# [Instructions to follow]
Using the data that follows, give again word for word the lines between the one holding "Dann wurde alles" and the one holding "그랜드 어센틱 심볼은", inclusive. Omit the pictures.

# [Dataset records]
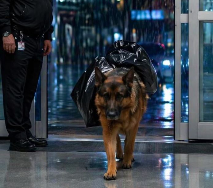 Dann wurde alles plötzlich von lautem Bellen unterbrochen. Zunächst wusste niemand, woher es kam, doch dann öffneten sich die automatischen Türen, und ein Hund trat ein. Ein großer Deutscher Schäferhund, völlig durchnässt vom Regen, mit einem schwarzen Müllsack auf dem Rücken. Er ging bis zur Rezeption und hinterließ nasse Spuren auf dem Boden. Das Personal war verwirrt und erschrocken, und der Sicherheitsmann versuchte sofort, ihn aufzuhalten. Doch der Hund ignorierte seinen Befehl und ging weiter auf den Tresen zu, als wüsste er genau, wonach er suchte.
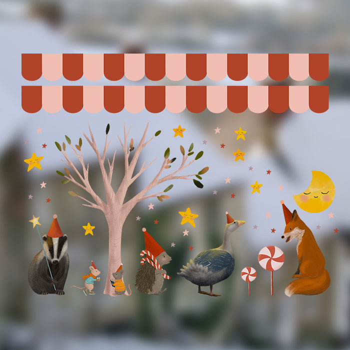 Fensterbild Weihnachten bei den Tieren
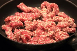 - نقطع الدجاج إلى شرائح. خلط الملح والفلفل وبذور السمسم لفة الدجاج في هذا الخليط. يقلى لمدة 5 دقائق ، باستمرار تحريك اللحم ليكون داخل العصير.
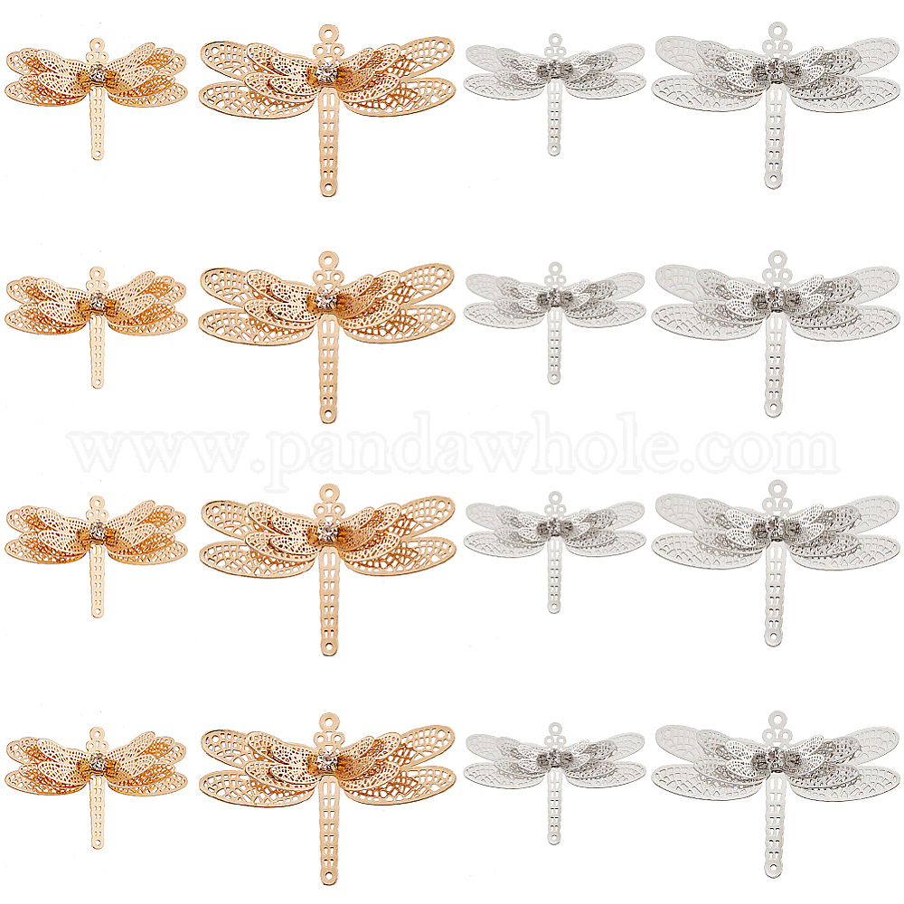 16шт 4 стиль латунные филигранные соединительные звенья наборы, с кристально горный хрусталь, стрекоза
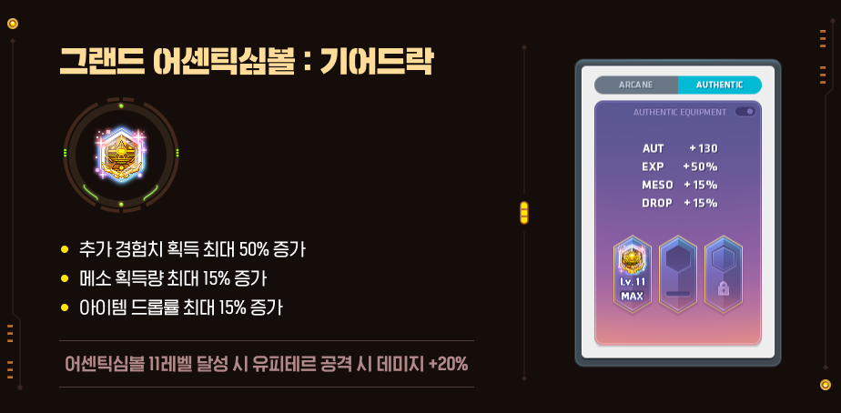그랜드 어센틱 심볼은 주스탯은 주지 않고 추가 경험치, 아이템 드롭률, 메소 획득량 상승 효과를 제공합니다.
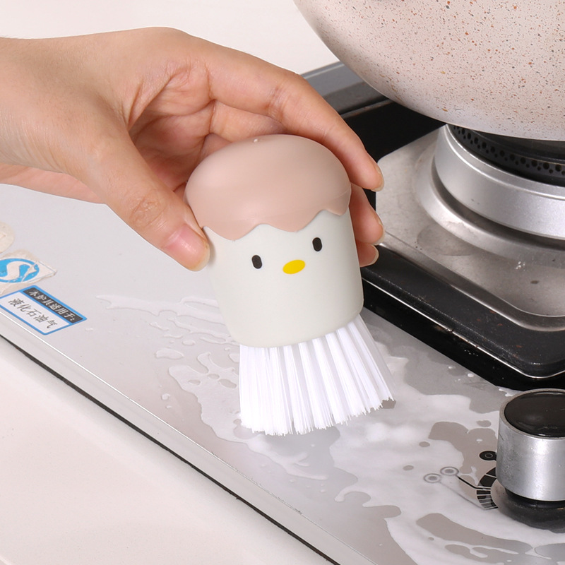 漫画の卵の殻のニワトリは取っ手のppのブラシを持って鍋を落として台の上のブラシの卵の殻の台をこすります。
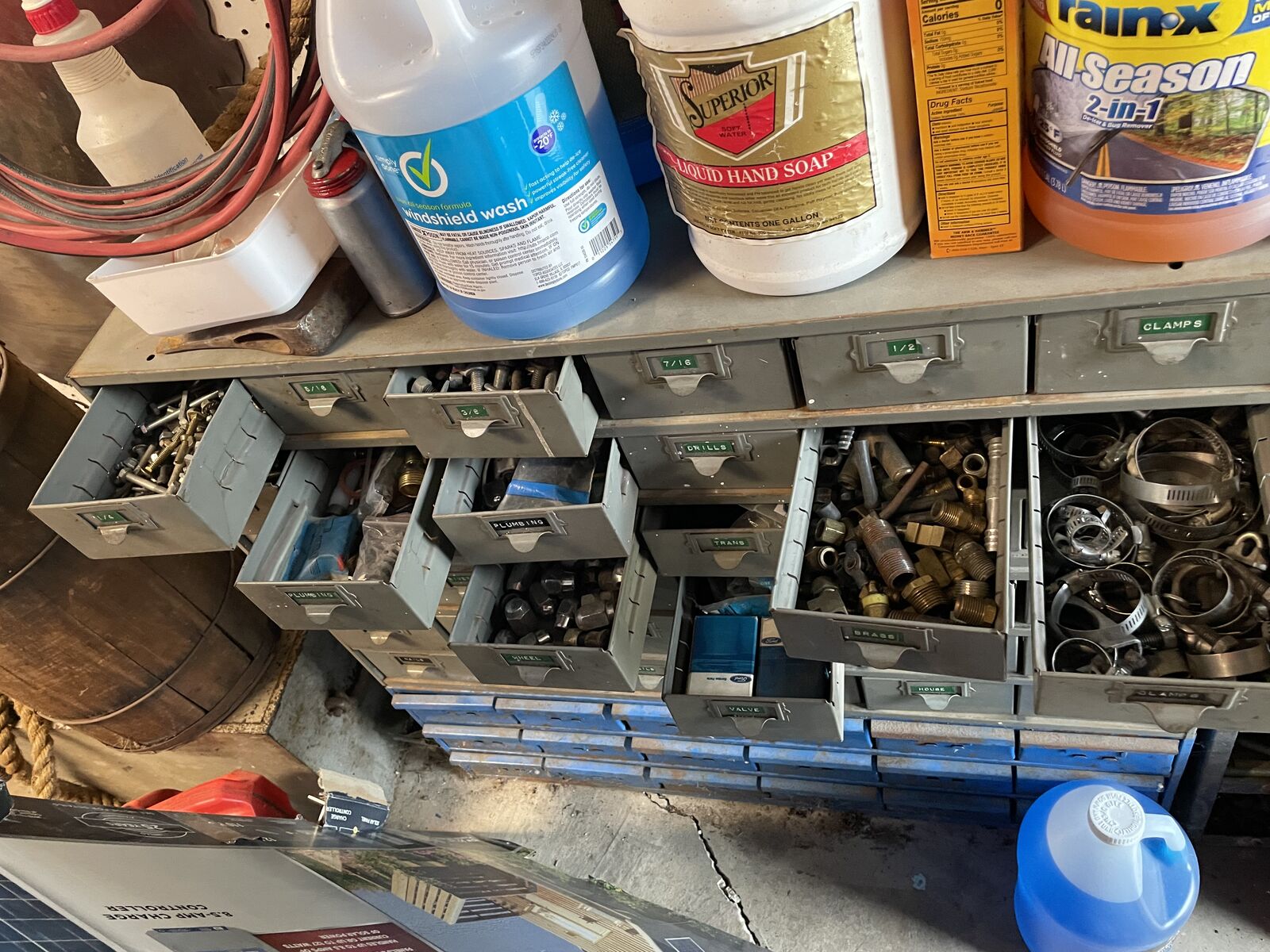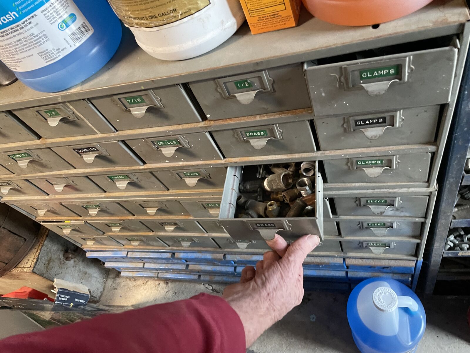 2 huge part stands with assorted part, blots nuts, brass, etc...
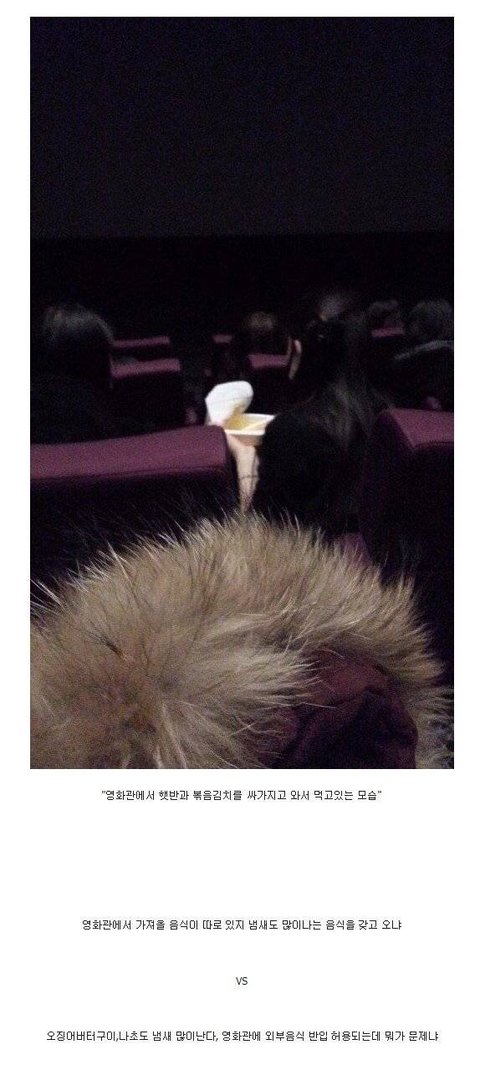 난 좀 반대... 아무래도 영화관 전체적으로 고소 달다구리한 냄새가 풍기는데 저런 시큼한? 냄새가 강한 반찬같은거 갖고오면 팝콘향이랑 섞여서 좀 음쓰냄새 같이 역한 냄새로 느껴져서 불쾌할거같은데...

* * *

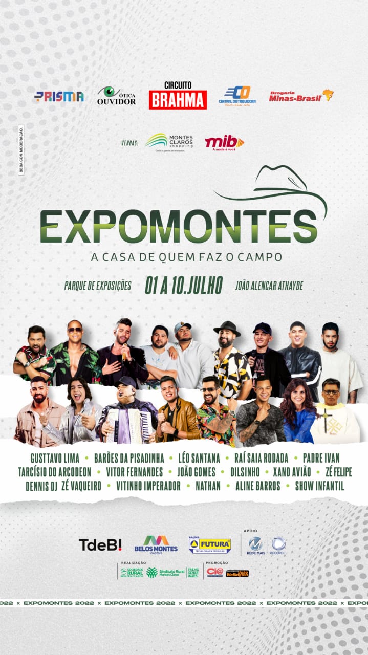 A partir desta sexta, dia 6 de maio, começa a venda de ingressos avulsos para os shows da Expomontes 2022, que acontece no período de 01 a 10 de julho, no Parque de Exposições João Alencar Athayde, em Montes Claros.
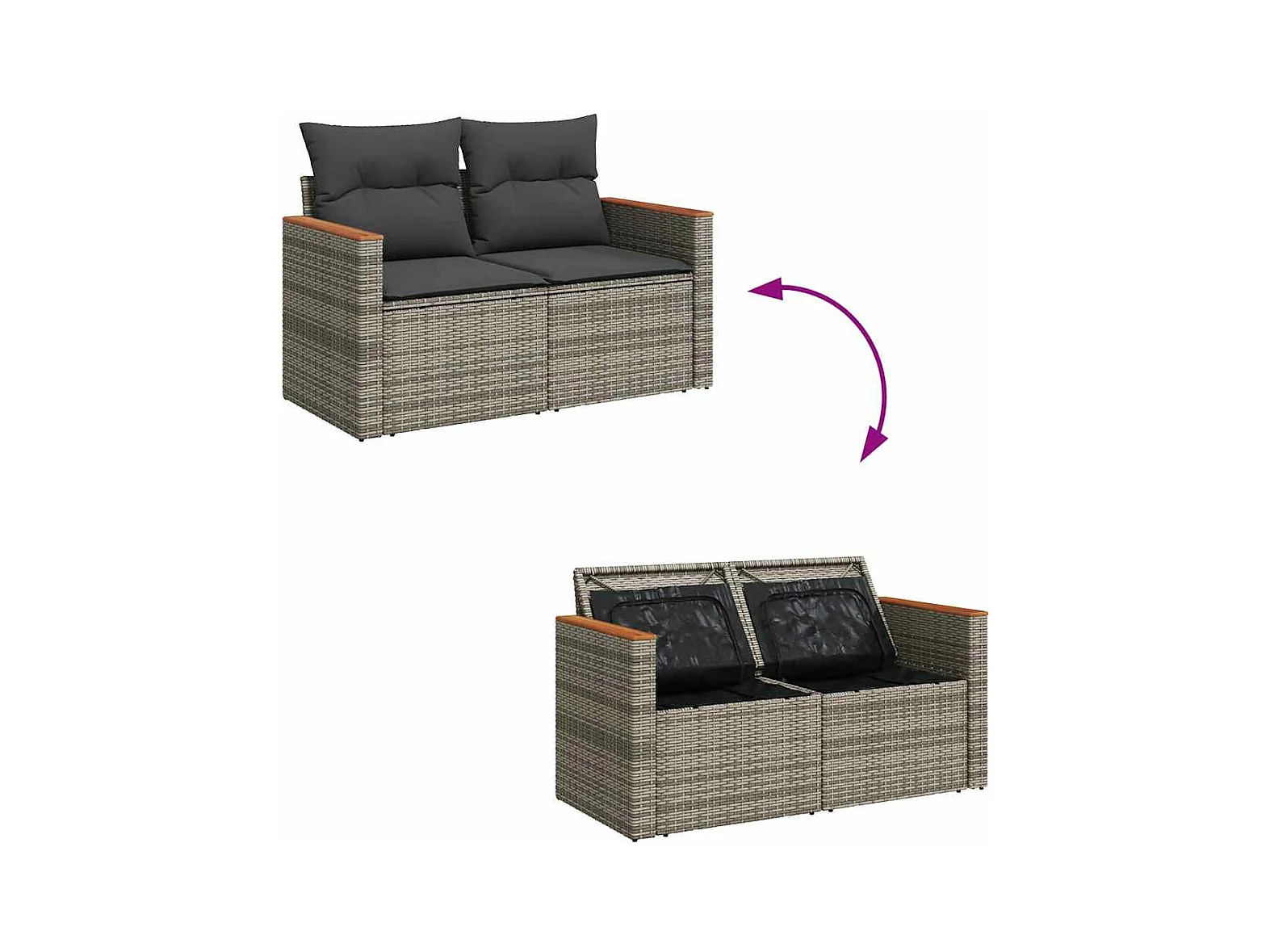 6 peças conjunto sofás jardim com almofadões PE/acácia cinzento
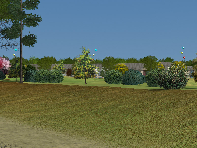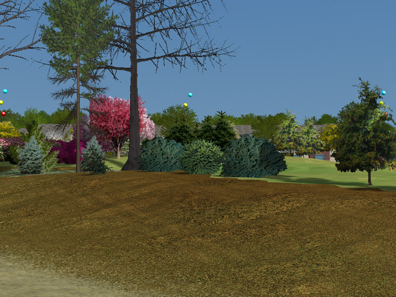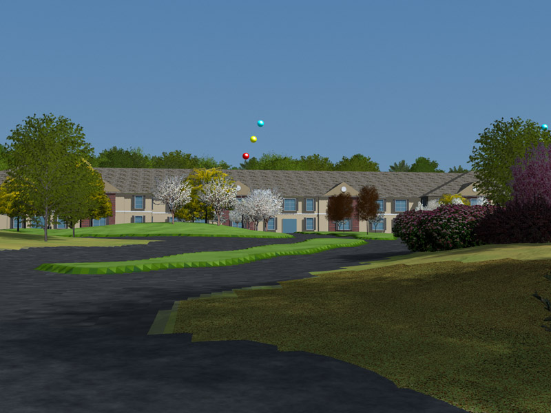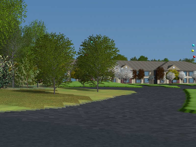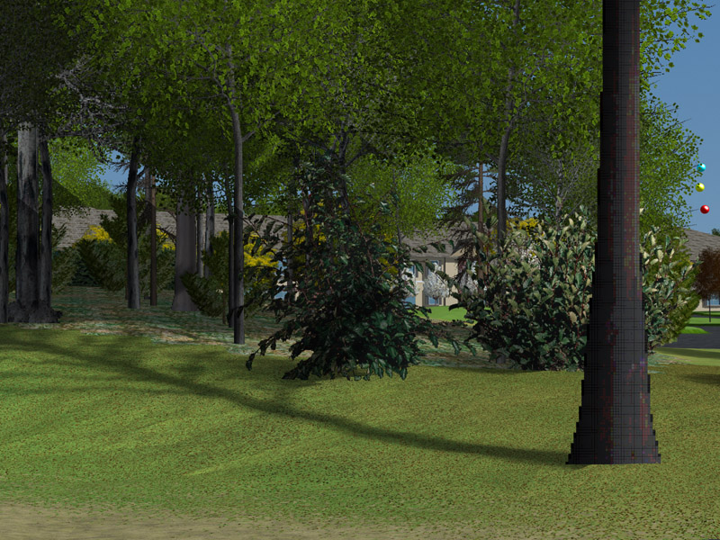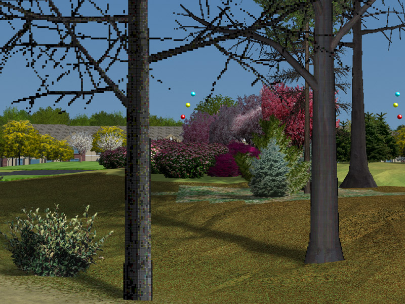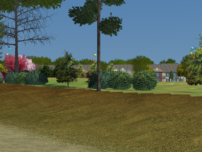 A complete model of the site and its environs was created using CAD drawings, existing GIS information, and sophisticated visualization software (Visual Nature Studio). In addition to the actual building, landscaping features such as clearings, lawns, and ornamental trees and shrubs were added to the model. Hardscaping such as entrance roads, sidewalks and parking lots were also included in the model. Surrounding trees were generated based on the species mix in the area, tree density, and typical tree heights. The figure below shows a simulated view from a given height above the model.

# [Solution to this problem]
 Dann wurde alles plötzlich von lautem Bellen unterbrochen. Zunächst wusste niemand, woher es kam, doch dann öffneten sich die automatischen Türen, und ein Hund trat ein. Ein großer Deutscher Schäferhund, völlig durchnässt vom Regen, mit einem schwarzen Müllsack auf dem Rücken. Er ging bis zur Rezeption und hinterließ nasse Spuren auf dem Boden. Das Personal war verwirrt und erschrocken, und der Sicherheitsmann versuchte sofort, ihn aufzuhalten. Doch der Hund ignorierte seinen Befehl und ging weiter auf den Tresen zu, als wüsste er genau, wonach er suchte.
 Fensterbild Weihnachten bei den Tieren
 - نقطع الدجاج إلى شرائح. خلط الملح والفلفل وبذور السمسم لفة الدجاج في هذا الخليط. يقلى لمدة 5 دقائق ، باستمرار تحريك اللحم ليكون داخل العصير.
 16шт 4 стиль латунные филигранные соединительные звенья наборы, с кристально горный хрусталь, стрекоза
그랜드 어센틱 심볼은 주스탯은 주지 않고 추가 경험치, 아이템 드롭률, 메소 획득량 상승 효과를 제공합니다.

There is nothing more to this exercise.